Friday, September 28, 2012

Two Books and a Reading

Chuma
On Septeber 26, 2012 I attended a book reading organised by the Writers Project of Ghana at the Goethe Institute dubbed the Ghana Voices Series. There I happened to meet one of Nigeria's great writers Chuma Nwokolo, whose short story Quarterback and Co I read and reviewed in the first edition of the African Roar anthology. If there was an author who was in charge of his work and who read with passion, vigour and complete control, it was Chuma Nwokolo.

I followed Chuma on his facebook page ever when I read that phantasmagorical short story of his and heard of his works, some; however, I never really took the time to search more about him. In fact, after that short story, perhaps because I erroneously thought most of the contributors were new authors, I didn't delve deeper into any of them until recently when his collection of short stories - The Ghost of Sani Abacha - popped up again. Chuma read from this and also from his Diaries of a Dead African and a poem from Memories of Stone. As he read, spurts of laughter irrupted randomly as the participants couldn't contain themselves any longer.

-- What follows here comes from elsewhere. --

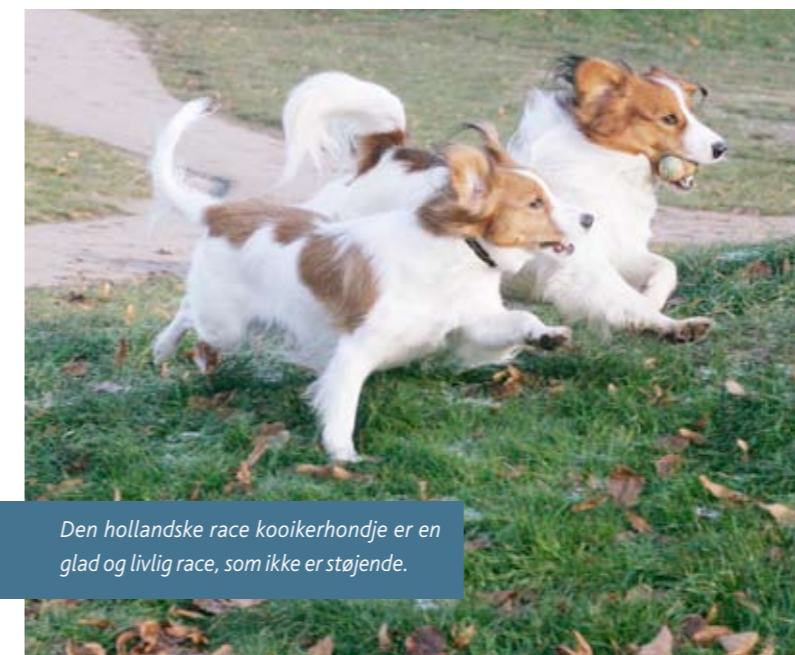
Den hollandske race kooikerhondje er en glad og livlig race, som ikke er støjende.

I will say that Chuma is a great writer and an excellent reader. So who wouldn't jump at the opportunity to grab his books and get them autographed? I did; if I regrettably missed the president's - Ghana's President John Mahama - book reading and signing activity on Founder's Day (September 21, 2012), I wasn't going to miss this one. I got the following books:
  1. The Ghost of Sani Abacha: [From the blurb]: A harassed servant plots his grim revenge .... Sheri puts a potential boyfriend to test .... Phiri contends for his civil service career ... and a politician in his finest hour finds himself possessed by a begoggled demon ... 26 stories of life and love in the aftermath of autocracy, delivered with wit and insight by one of Africa's incisive writers...
  2. Diaries of a Dead African: [From the blurb]: [It] explores its life-threatening themes with native humor. Meme Jumai and his two sons - Abel (failed writer) and Calamatus (aspiring conman) - document the final days of their desperate struggle to retain the vanishing shreds of their dignity. At last, Abel's father had died at 50 and his brother at 25. How to outlive them both - without fleeing the very opportunities he had craved all his life...
According to the author The Ghost of Sani Abacha is metaphorical; he describes most countries in Africa as suffering from a post-autocratic stress disorder, where the governed still worship their leaders instead of demanding accountability due to having been under dictatorship for too long. The one-hour programme was stretched to its allowable limits of two because of the fun of the read and the interactions that the reading generated.